Department of Statistics, University of California at Berkeley, Berkeley, CA 94720-3860, USA.
Biostatistics. 2012 Jul;13(3):539-52. doi: 10.1093/biostatistics/kxr034. Epub 2011 Nov 17.
Microarray expression studies suffer from the problem of batch effects and other unwanted variation. Many methods have been proposed to adjust microarray data to mitigate the problems of unwanted variation. Several of these methods rely on factor analysis to infer the unwanted variation from the data. A central problem with this approach is the difficulty in discerning the unwanted variation from the biological variation that is of interest to the researcher. We present a new method, intended for use in differential expression studies, that attempts to overcome this problem by restricting the factor analysis to negative control genes. Negative control genes are genes known a priori not to be differentially expressed with respect to the biological factor of interest. Variation in the expression levels of these genes can therefore be assumed to be unwanted variation. We name this method "Remove Unwanted Variation, 2-step" (RUV-2). We discuss various techniques for assessing the performance of an adjustment method and compare the performance of RUV-2 with that of other commonly used adjustment methods such as Combat and Surrogate Variable Analysis (SVA). We present several example studies, each concerning genes differentially expressed with respect to gender in the brain and find that RUV-2 performs as well or better than other methods. Finally, we discuss the possibility of adapting RUV-2 for use in studies not concerned with differential expression and conclude that there may be promise but substantial challenges remain.
微阵列表达研究受到批次效应和其他非期望变异的问题的困扰。
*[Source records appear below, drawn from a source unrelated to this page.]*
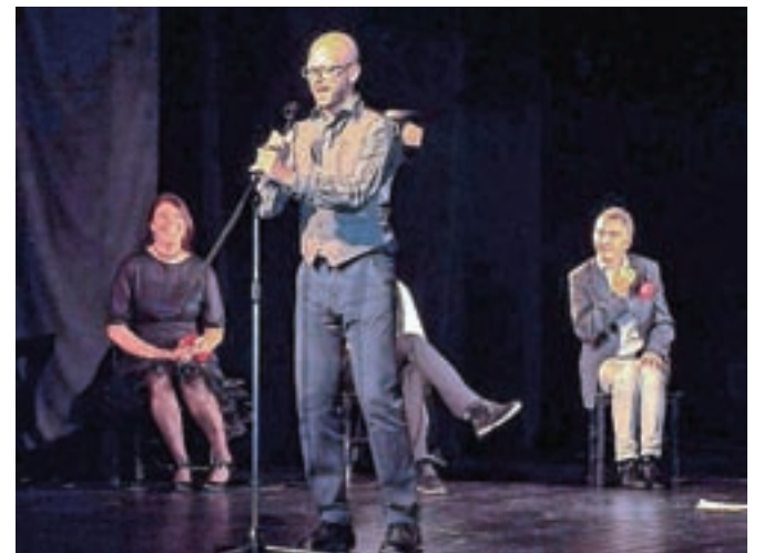
Loški oder je navdušil srbsko občinstvo.

vljajo reflektorje, se igrajo z neonskimi zapestnicami, plešejo zahtevno koreografijo, pojejo opero in govorijo stihove pesmi Arseno Dedića. Ne daj se, Ines v slovenščini, na odru povzročal vesplošno norišnico," poudarja kritičarka: "Režiserjeve rešitve, ki so se odlično ujele s tekstom, napisanim pred dvema stoletjema, so izzvale plejado čustev, ob katerih nismo mogli ostati ravnodušni. Čeprav se je predstava odigrala v tujem jeziku, jo je publika zelo dobro sprejela in je z aplavzi med prizori in med pesmimi vzdrževala Feydeaujevo zamisel, da je boljši vrabec v roki kot golob na strehi oziroma maček v žaklju." Mimogrede – Golob je bil tokrat na Loškem odru.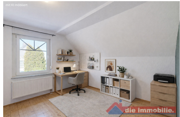
Kinderzimmer – virtuell möbliert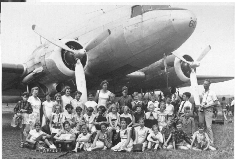
Schoolreisje: Schiphol 1957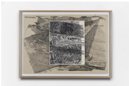
Julien Tiberi, Sans titre , 2015, encre sur papier, 70 x 100 cm. Collection Frac LR.

Découvrez le nouveau site des Collections des Frac, un projet porté par Videomuseum : www.lescollectionsdesfrac.org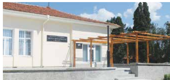
Обзавеждането и оборудването по проекта е своеобразен подарък за 95-ата годишнина на НЧ „Петър Житаров 1928“, с. Караново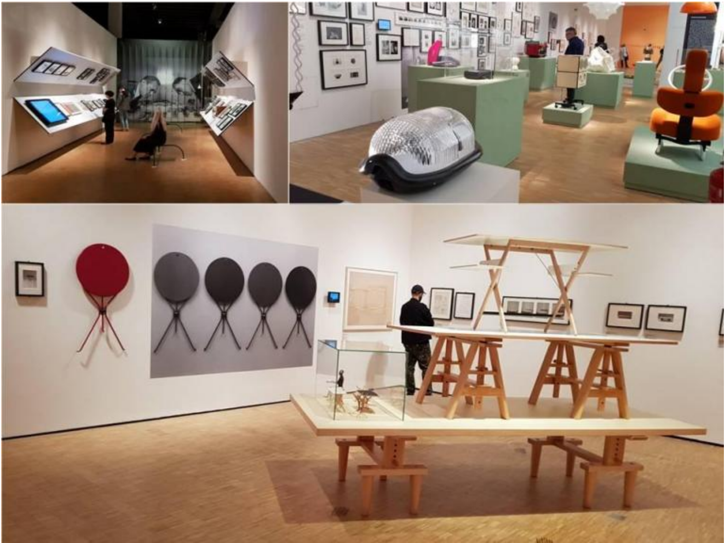
A Castiglioni, alcuni scorci della mostra allestita in Triennale (ph. MLG), sopra il cluster Geometrie, sotto Serviti e riveriti. (ph. MLG).

Achille Castiglioni e il suo studio, tra i più prestigiosi al mondo, hanno allestito più di 400 mostre temporanee e fiere e hanno progettato oggetti per importanti aziende di settore, tra cui Alessi, Brionvega, B&B Italia, BBB Bonacina, Cimbali, Danese, Driade, De Padova, Flos, Cassina, Moroso, Knoll International, Kartell, Zanotta.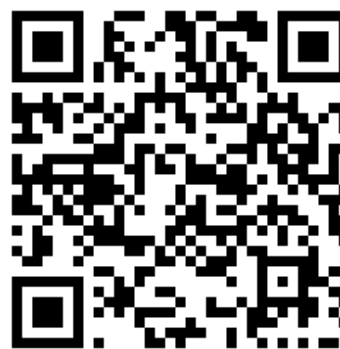
Figura 5. Código QR del video aprendiendo guitarra con las TIC, generado en la página https://www.codigos-qr.com/generador-de-codigos-qr/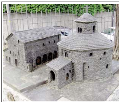
SANT VICENÇ DE GALIANO i baptisteri. Cantú.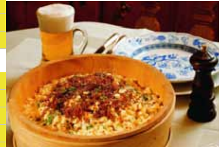
Kässpätzlepartie oder besser: Käsknöpflepartie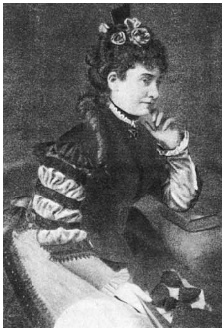
Szentirmay felesége, akinek a „Csak egy szép lány” című dalt ajánlotta. Üveglapra festett kép, Párizsban készült 1878-ban.

bele kicsinyített hasonmásban abba a zsebkönyvecskébe, amelyet a magyar kiadó az 1878-as párizsi kiállításra jelentett meg költőnk műveiből... Nyilván ennek a révén ismerte meg Jules Claretie francia regényíró...” (Claretie magyar tárgyú, „Le prince Zilah”, 1884-ben megjelent regényének egyik fejezetében ír a „Csak egy szép lány” c. dalról, fűzi hozzá Kerényi.) Az előbbi információhoz kapcsolódva említjük, hogy a Vasárnapi Újság 1878. július 2-i számának „Mi újság?” című rovata a világiállításról tudósítva ad hírt a párizsi magyar csárdával és az ott hallott zenével kapcsolatban Jules Claretie-nek, az „Independance Belge” című lapban közölt, elragadtatott hangvétellű beszámolójáról.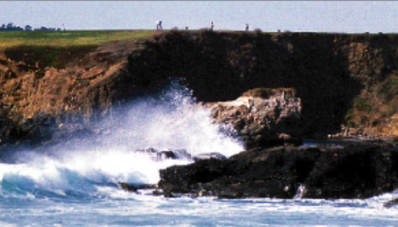
ペブルビーチゴルフリンクス 18H 6,799Y P72 J.ネービル/D.グラント設計 1919年開場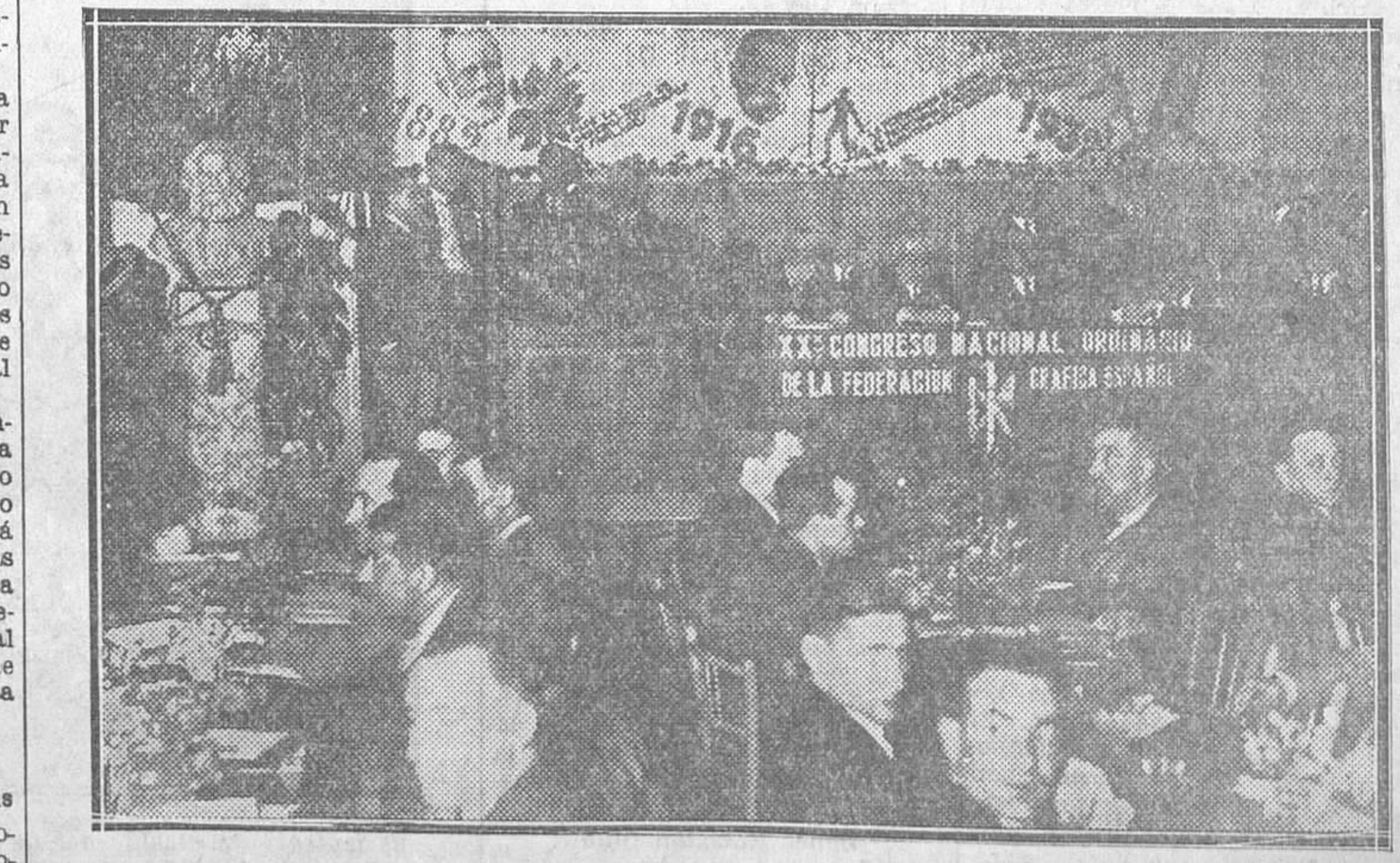
Apertura del XX Congreso Nacional de la Federación Gráfica Española, celebrada anoche en la Casa del Pueblo

已经提出了许多方法来调整微阵列数据以减轻非期望变异的问题。这些方法中的一些依赖于因子分析从数据中推断非期望的变异。这种方法的一个核心问题是难以从研究人员感兴趣的生物学变异中辨别非期望的变异。我们提出了一种新的方法,旨在用于差异表达研究,通过将因子分析限制在负对照基因上来尝试克服这个问题。负对照基因是事先已知相对于感兴趣的生物学因子没有差异表达的基因。因此,可以假定这些基因表达水平的变化是非期望的变异。我们将这种方法命名为“去除非期望变异,2 步”(RUV-2)。我们讨论了评估调整方法性能的各种技术,并将 RUV-2 的性能与其他常用的调整方法(如 Combat 和 Surrogate Variable Analysis(SVA))进行了比较。我们提出了几个示例研究,每个研究都涉及大脑中与性别差异表达的基因,发现 RUV-2 的性能与其他方法一样好或更好。最后,我们讨论了将 RUV-2 适用于不涉及差异表达的研究的可能性,并得出结论,虽然可能有希望,但仍存在重大挑战。